#### TASK GOAL:
All of the data below should be repeated exactly. Pictures should not be included.

#### GIVEN INFORMATION:

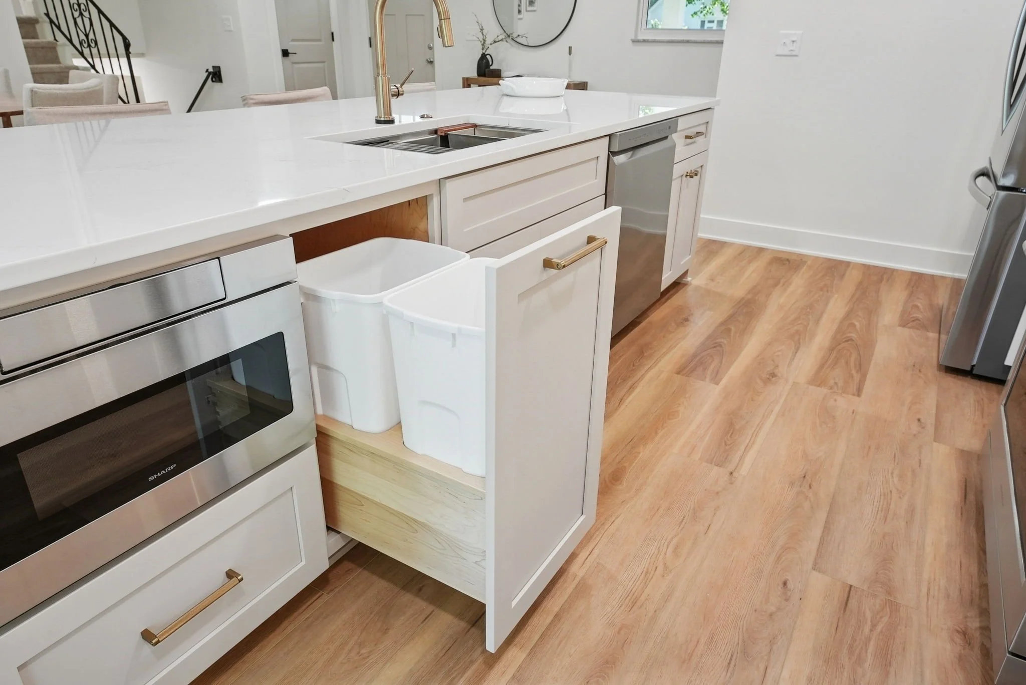 Pull‑outs for trash, recycling, pantry items, and spices.
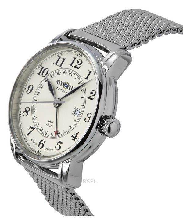Montre pour homme Zeppelin LZ127 Graf GMT en acier inoxydable avec cadran beige et quartz 7642M5
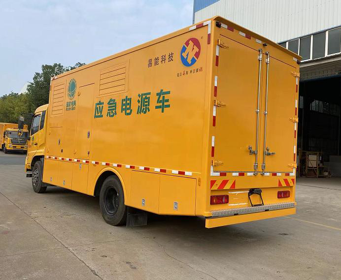 應急電源車是具有供電裝置的特種車輛,主要由汽車底盤、柴油發電機組、輸配電及操作系統、高效隔音、吸聲降噪箱、進排氣降噪系統、排氣消聲系統、照明系統、液壓支撐系統、電纜絞車和工具設備艙等組成。
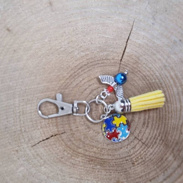 Deze sleutelhanger met karabijn heeft een leren kwastje in het geel, een bedel met het autisme logo en een geluksengeltje met blauw en rood. Het is afgewerkt in zilverkleurig metaal en de lengte is ongeveer 8,5 cm.
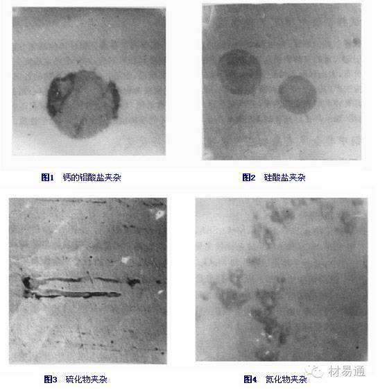 說明:在橫向酸性試片上見到一些無金屬光澤,呈灰白色、米黃色和暗灰色等色彩,系鋼中殘留的氧化物、硫化物、硅酸鹽等。
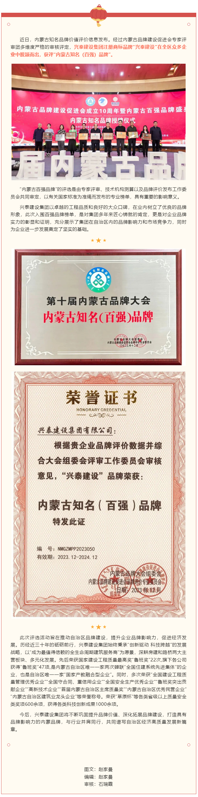 “兴泰建设”喜获内蒙古知名(百强)品牌荣誉
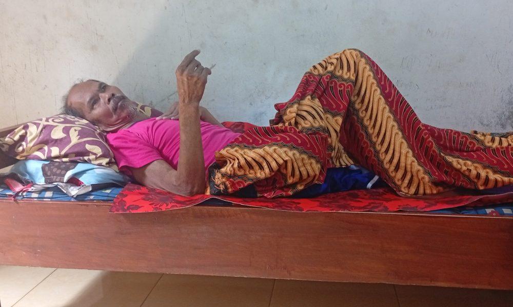 Iya hanya bisa terbaring lemas dan tidak banyak bergerak, ditemani istrinya yang bekerja serabutan serta anaknya yang terkena gangguan jiwa.
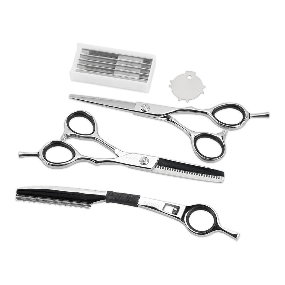 <ul><li>1 Haarschere</li><li>1 Effilierschere mit 28 Zähnen</li><li>1 Rasierapparat + 5 Ersatzklingen</li><li>1 Spannschlüssel</li></ul>

#### ANSWER AREA:
 Pull‑outs for trash, recycling, pantry items, and spices.
Montre pour homme Zeppelin LZ127 Graf GMT en acier inoxydable avec cadran beige et quartz 7642M5
 應急電源車是具有供電裝置的特種車輛,主要由汽車底盤、柴油發電機組、輸配電及操作系統、高效隔音、吸聲降噪箱、進排氣降噪系統、排氣消聲系統、照明系統、液壓支撐系統、電纜絞車和工具設備艙等組成。
 Deze sleutelhanger met karabijn heeft een leren kwastje in het geel, een bedel met het autisme logo en een geluksengeltje met blauw en rood. Het is afgewerkt in zilverkleurig metaal en de lengte is ongeveer 8,5 cm.
 說明:在橫向酸性試片上見到一些無金屬光澤,呈灰白色、米黃色和暗灰色等色彩,系鋼中殘留的氧化物、硫化物、硅酸鹽等。
 “兴泰建设”喜获内蒙古知名(百强)品牌荣誉
 Iya hanya bisa terbaring lemas dan tidak banyak bergerak, ditemani istrinya yang bekerja serabutan serta anaknya yang terkena gangguan jiwa.
 <ul><li>1 Haarschere</li><li>1 Effilierschere mit 28 Zähnen</li><li>1 Rasierapparat + 5 Ersatzklingen</li><li>1 Spannschlüssel</li></ul>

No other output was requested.